File Topology Default use
vllm_omni/deploy/hunyuan_image3.yaml AR + DiT Default for text2img and img2img.
vllm_omni/deploy/hunyuan_image3_ar.yaml AR only Default for img2text and text2text.
vllm_omni/deploy/hunyuan_image3_dit.yaml DiT only Standalone diffusion stage. Pass it explicitly with --deploy-config.

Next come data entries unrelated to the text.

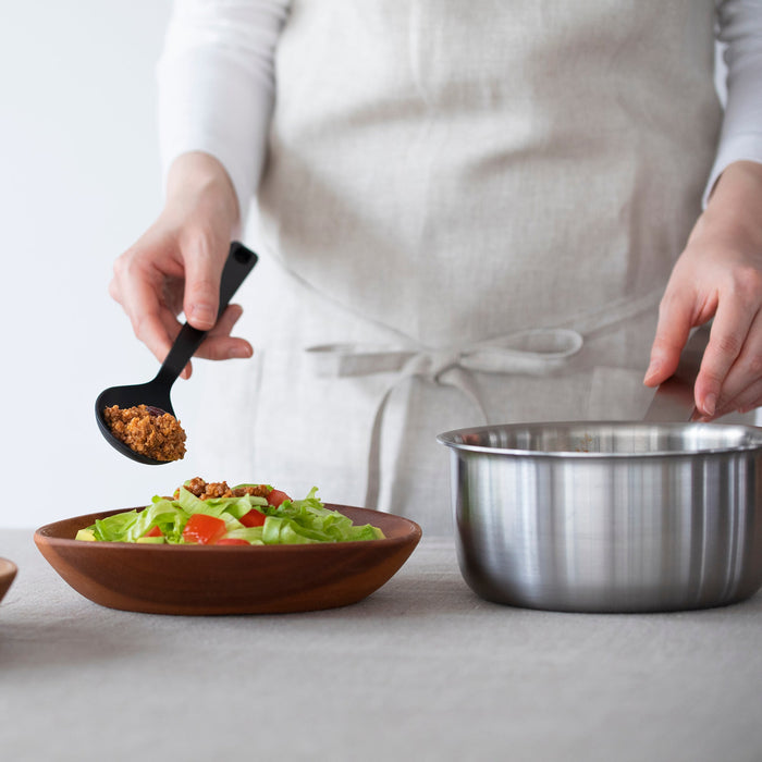A lightweight linen apron featuring an adjustable cross-shoulder strap. It comes with 2 pockets from the side to the back so that it is easy to bend and stretch even if there is something in the pockets when crouching. It can be stored in a pouch that is included.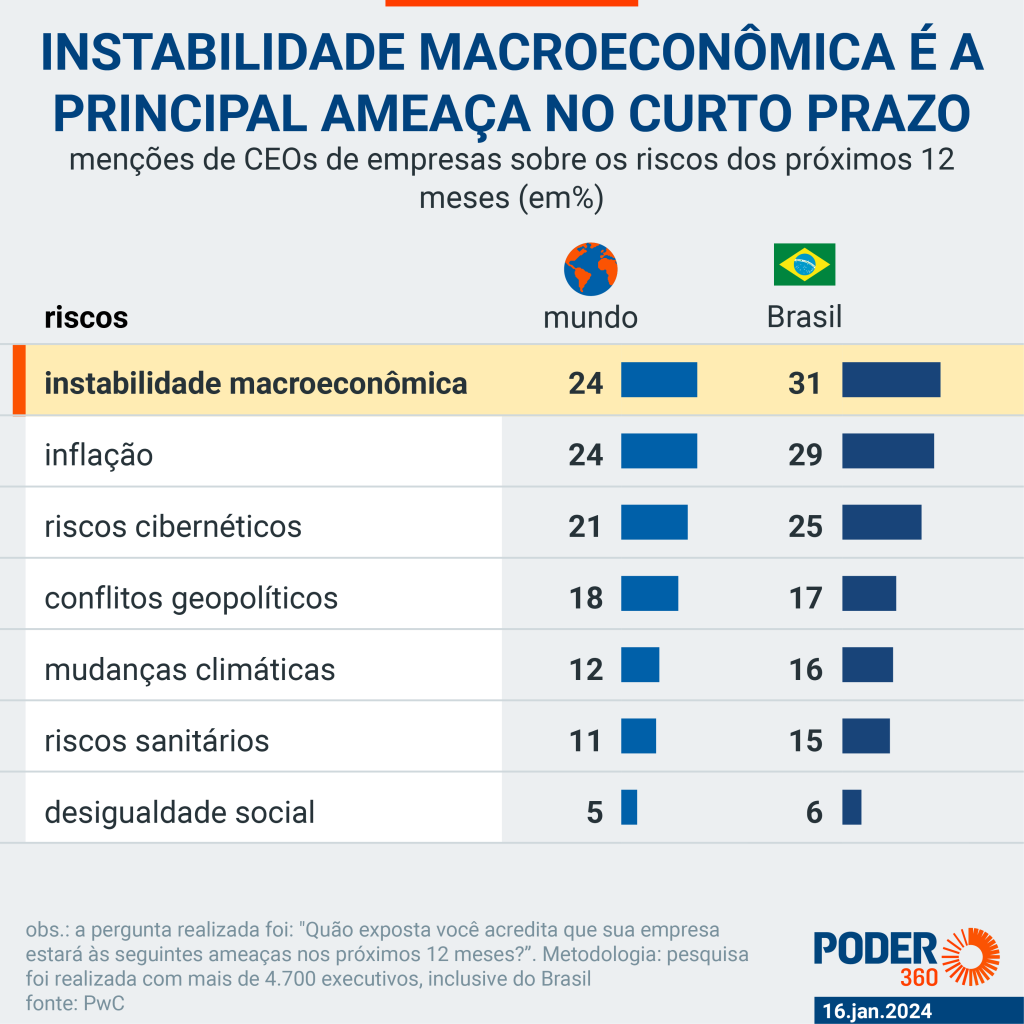 As principais ameaças são a inflação e a instabilidade macroeconômica, segundo os executivos mundiais.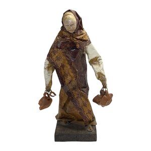 This unique set of vintage handmade Mexican folk art paper mache figurines beautifully captures the essence of traditional village life. The detailed craftsmanship and rustic charm of these old village people figurines make them a delightful addition to any collection of cultural or artisan pieces. Each figure showcases distinct characteristics, from the attire to their activities, embodying a nostalgic representation of rural Mexico.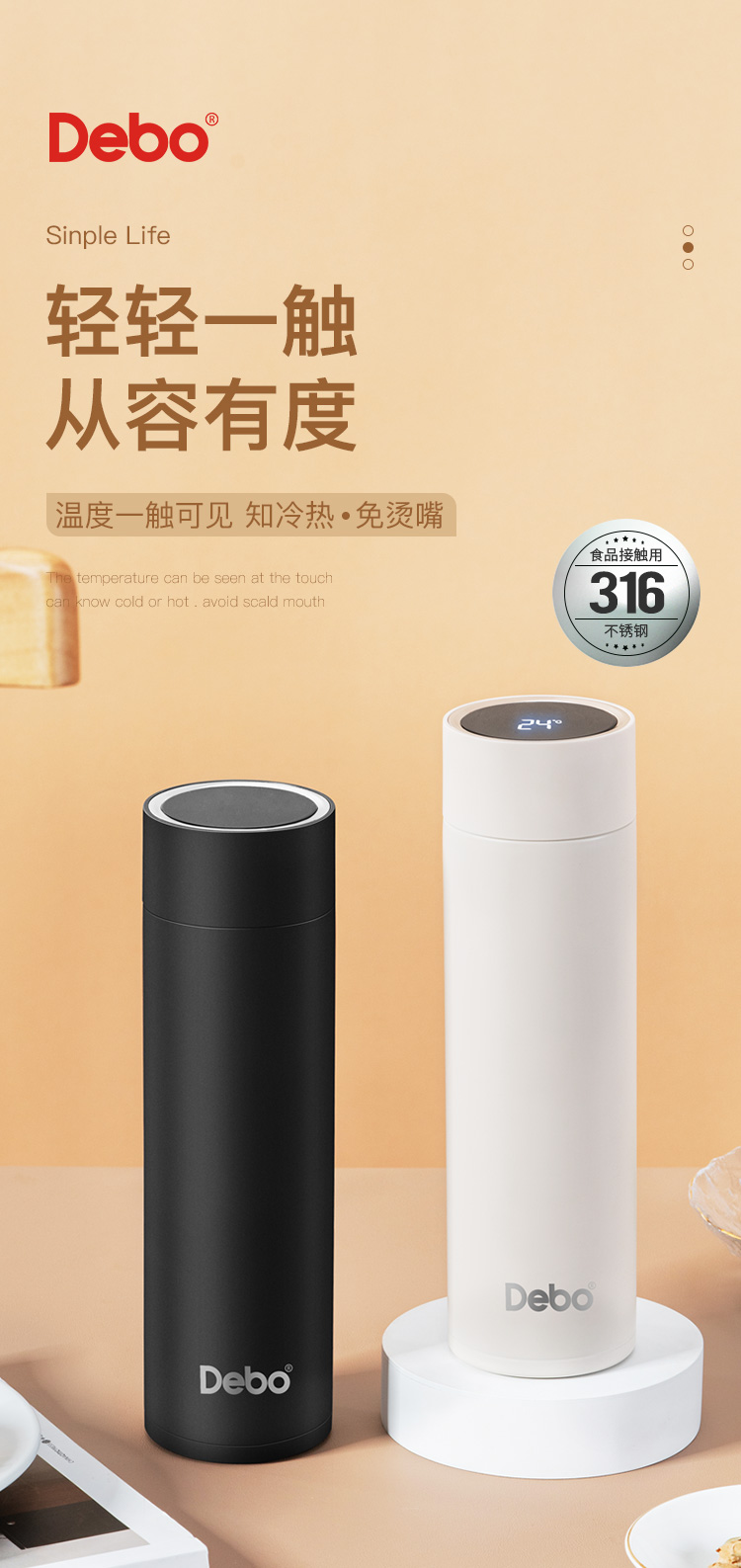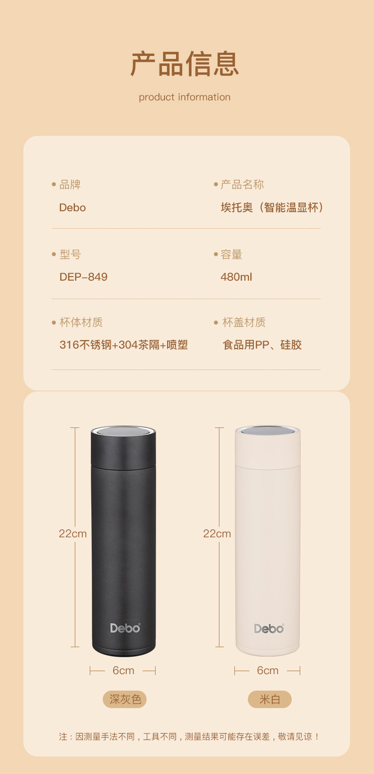 商品名称:Debo/德铂480毫升埃托奥智能温显杯DEP-849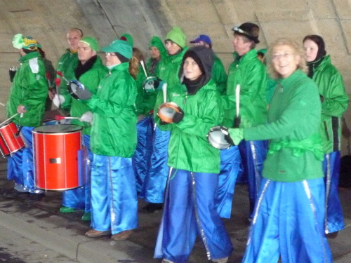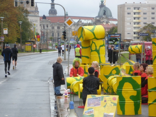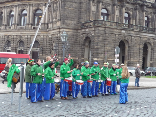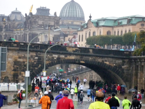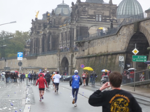 Vor der Semperoper heizt eine große Trommlergruppe uns und den Zuschauern ein. Womit ich bei einem ganz besonderen Charakteristikum des Dresden Marathon wäre. Wollte man diesen musikalisch einordnen, so wäre er ganz eindeutig als der „Drummer-Marathon“ schlechthin zu bezeichnen. Noch keinen Marathon habe ich mit derart vielen Trommel- und Rhythmusgruppen erlebt. Farbenfroh in rot, gelb, grün, blau gewandet lauern sie an allen möglichen Stellen entlang der Strecke, vor allem im Innenstadtbereich, aber auch dort, wo sich keine Zuschauer hin verirren, und heizen der Kälte und der feuchten Witterung zum Trotz unermüdlich und weithin hörbar dem Laufvolk ein. Vor allem unter den Brücken ist die Akustik geradezu phänomenal. Nicht unterschlagen will ich, dass es auch anderes im musikalischen Angebot gibt, aber eben nur ausnahmsweise, etwa Rockiges vor dem Zugang zum Großen Garten und Volksmusikalisches in den Elbwiesen. An dieser Stelle jedenfalls ein herzliches Dankeschön an die vielen unbekannten Musiker für ihre tolle mentale Unterstützung.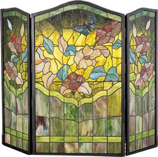 | Butterfly Fireplace Screen 34"H x 40"W Free Shipping on Tiffany Style Lamps A Butterfly soars above Beige and Merlot blooms against Summer Green granite glass. This beautiful fireplace screen is created from 248 pieces of stained art glass and framed in solid brass channel. |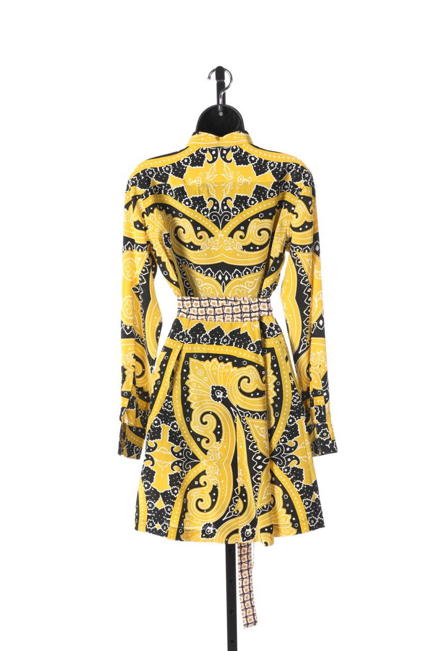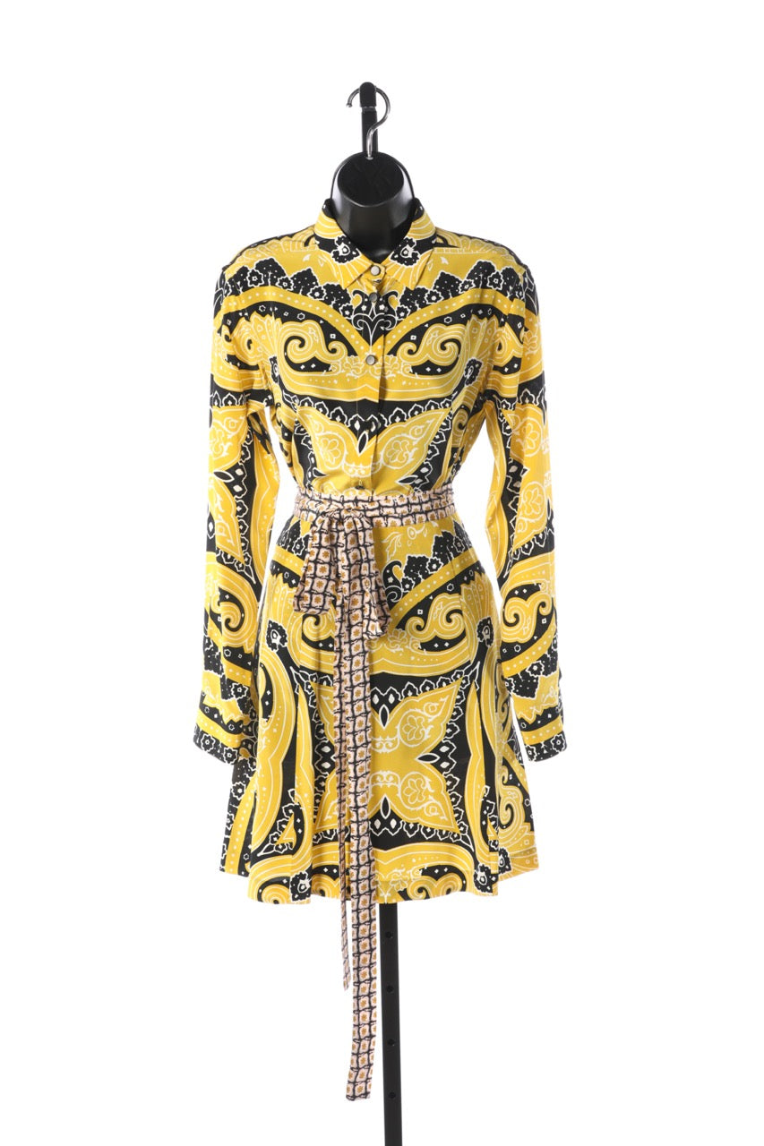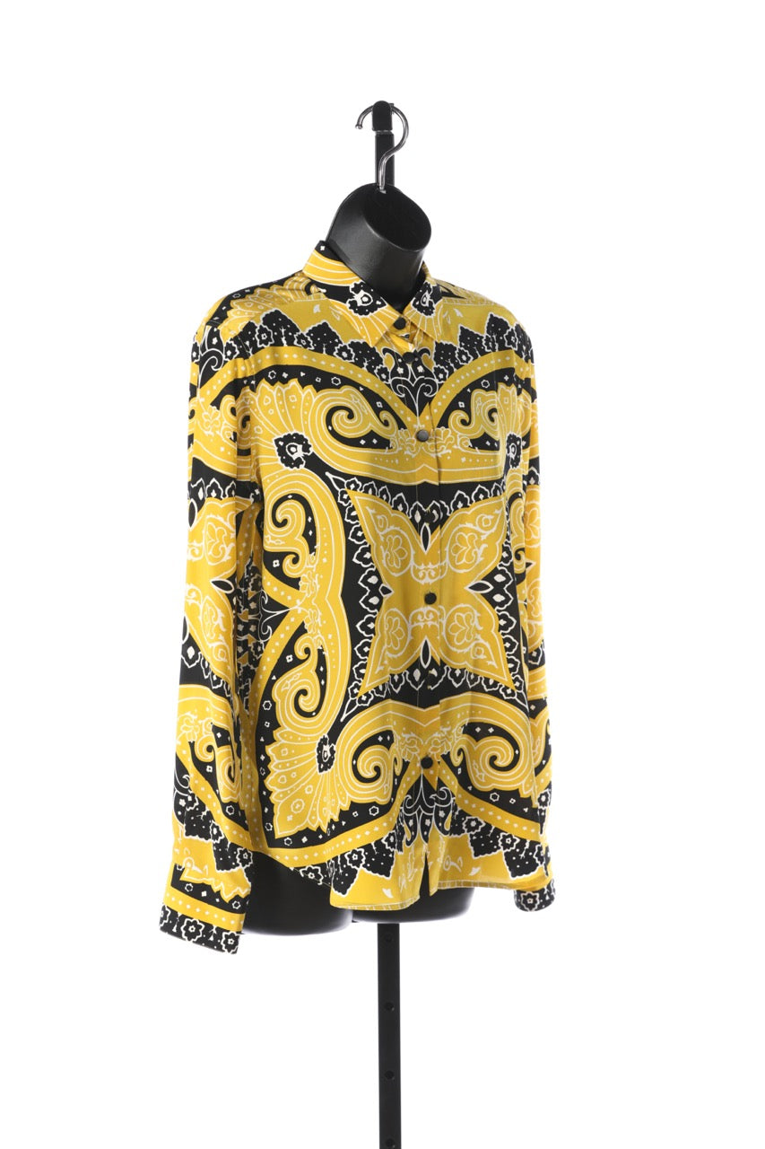 Etro Silk Yellow & Black Pattern Long Sleeve Button Down Blouse (Part of Set) NWT

The example chooses a deploy config automatically when --deploy-config and --stage-configs-path are both omitted:

--modality mode passed to Omni Default deploy
text2img text-to-image hunyuan_image3.yaml
img2img image-editing hunyuan_image3.yaml
img2text image-to-text hunyuan_image3_ar.yaml
text2text text-to-text hunyuan_image3_ar.yaml

--modality is an offline example convenience flag. It maps to the internal mode argument passed to Omni(...) by this script. HunyuanImage3 uses separate deploy YAMLs for AR + DiT, AR-only, and DiT-only topologies, so the stage topology is selected by the deploy file rather than by YAML mode overrides.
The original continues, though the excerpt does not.